Ecosyste.ms: Awesome

An open API service indexing awesome lists of open source software.

Awesome Lists | Featured Topics | Projects

https://github.com/facebookresearch/LaViLa

Code release for "Learning Video Representations from Large Language Models"
https://github.com/facebookresearch/LaViLa

Last synced: 8 days ago
JSON representation

Code release for "Learning Video Representations from Large Language Models"
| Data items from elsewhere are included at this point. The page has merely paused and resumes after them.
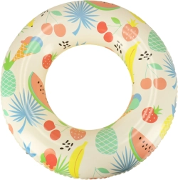 Zabawny nadruk z bananami, arbuzami i innymi motywami dodaje kąpieli frajdy, a dzieci chętnie korzystają z koła.
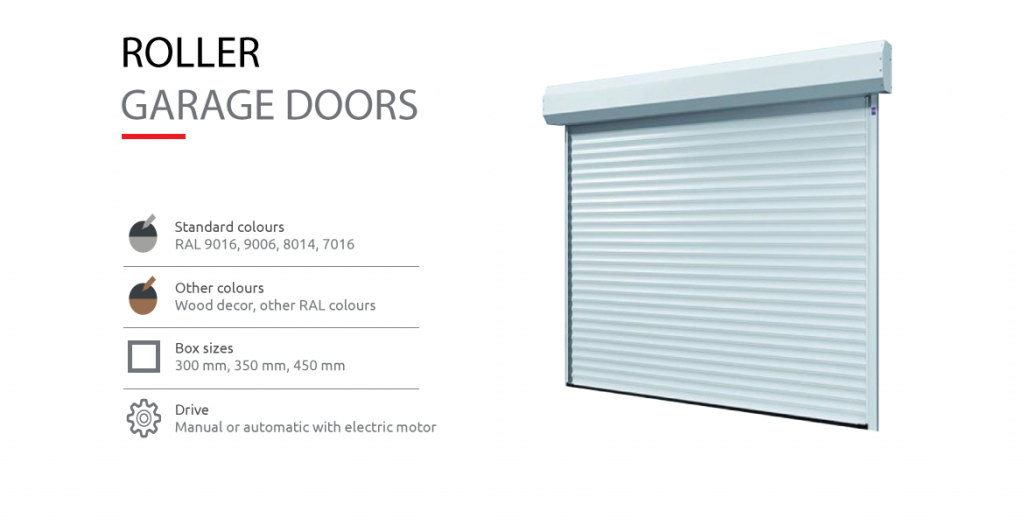Roller doors and roller ceiling garage doors open vertically and do not require any space in the garage. Thanks to this construction, they offer maximum space inside and in front of the garage. The shape of the garage opening does not play any role during installation, whether it is rectangular, slanted, with a segmental or semicircular vault.
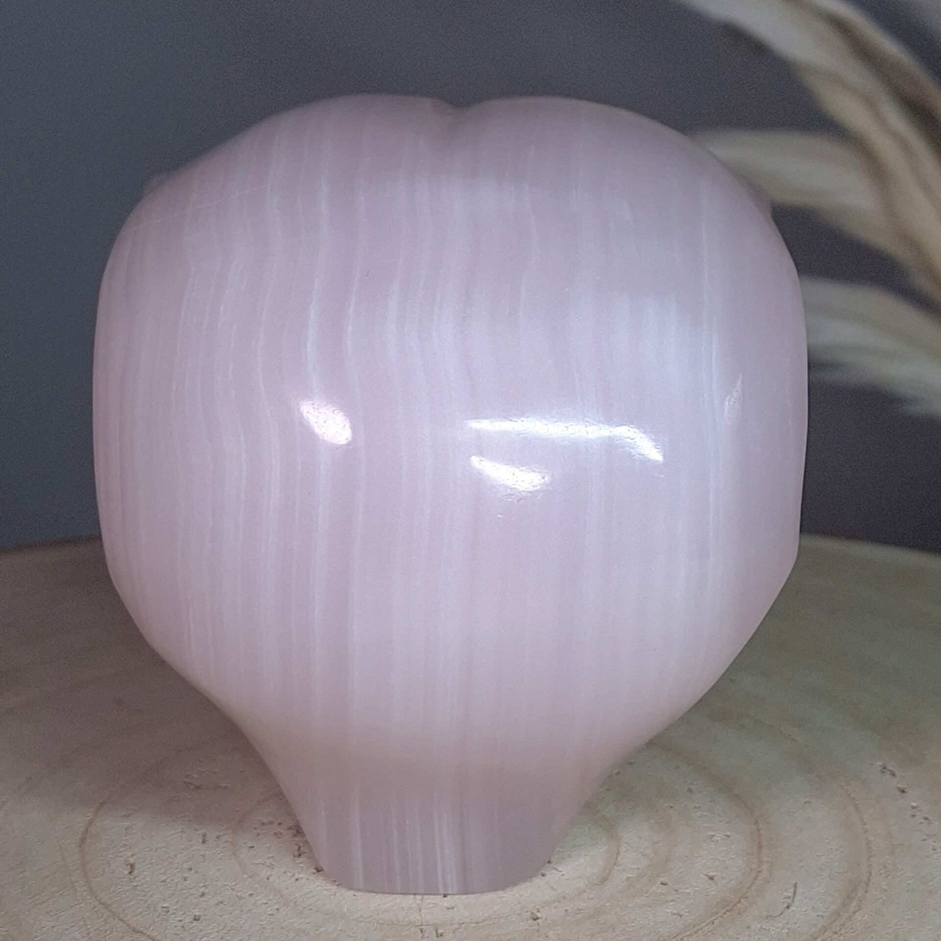 Mangano calciet is zeer lichtroze van kleur en heeft witte lijnen. Het heeft een kalmerende liefdevolle energie. Mangano Calciet is zeer geschikt voor iedereen, ook zeer geschikt voor praktijkruimtes en kinderkamers.

Awesome Lists containing this project

README

        

# Learning Video Representations from Large Language Models

[**Learning Video Representations from Large Language Models**](http://arxiv.org/abs/2212.04501)
Yue Zhao, Ishan Misra, Philipp Krähenbühl, Rohit Girdhar
CVPR 2023 (**Highlight**, acceptance rate≈2.5%)
[arxiv](http://arxiv.org/abs/2212.04501) | [bibtex](#citing-lavila) | [colab](#narrator-demo) | [🤗 demo](https://huggingface.co/spaces/nateraw/lavila) | [website](http://facebookresearch.github.io/LaViLa)

LaViLa (**L**anguage **a**ugmented **Vi**deo **La**nguage Pretraining) is a new approach to learning video representations from Large Language Models (LLMs). We repurpose LLMs to be visually conditioned "Narrators", and use them to automatically generate video-language paired data. We use this data to then learn a video-langauge representation, outperforming prior work by large margins.

**Sample Generations:**

| Video | Generation 1 | Generation 2 |
| --------|-------------|--------------|
| | so now we're going to slice the bread | now i'm going to do is just slice
this up into a nice chunk and
then we're going to place it
on the plate |

[Try out](#narrator-demo) our Narrator to generate text descriptions for your own videos!
You can also try out a web demo here: [![Hugging Face Spaces](https://img.shields.io/badge/%F0%9F%A4%97%20Hugging%20Face-Spaces-blue)](https://huggingface.co/spaces/nateraw/lavila)

The resulting video-language model sets a new **state-of-the-art** on a number of popular video tasks!
image

## Introduction and installation

LaViLa leverages Large Language Models (LLMs) as "NARRATOR"s (and "REPHRASER"s) to densely narrate long videos, and uses these narrations to train strong dual-encoder models.

See [INSTALL.md](docs/INSTALL.md) to install this code.

## NARRATOR

NARRATOR is a *visually conditioned* LLM that takes videos frames as input and pseudo-labels this clip with narrations.

### NARRATOR Demo

We provide some generated samples by our NARRATOR:

| | | |
| :----------------: | :----------------------------------------: | :-------------------------------------: | :--------------------------------------: |
| Human
narration | C separates the yarn. | C lifts container. | C opterates the camera. |
| NARRATOR generation (a) | C stetches the thread with both hands. | C wipes the countertop with a sponge. | C takes a photo shot. |
| NARRATOR generation (b) | C pulls out the yarn with her right hand. | C moves the container. | A man X looks at the camera. |

Run the narrator demo using Colab (no GPU needed): [![Open In Colab](https://colab.research.google.com/assets/colab-badge.svg)](https://colab.research.google.com/drive/1gHWiEWywIotRivYQTR-8NQ6GJC7sJUe4)
or on the web using 🤗 Spaces: [![Hugging Face Spaces](https://img.shields.io/badge/%F0%9F%A4%97%20Hugging%20Face-Spaces-blue)](https://huggingface.co/spaces/nateraw/lavila) (thanks to [@nateraw](https://github.com/nateraw)!)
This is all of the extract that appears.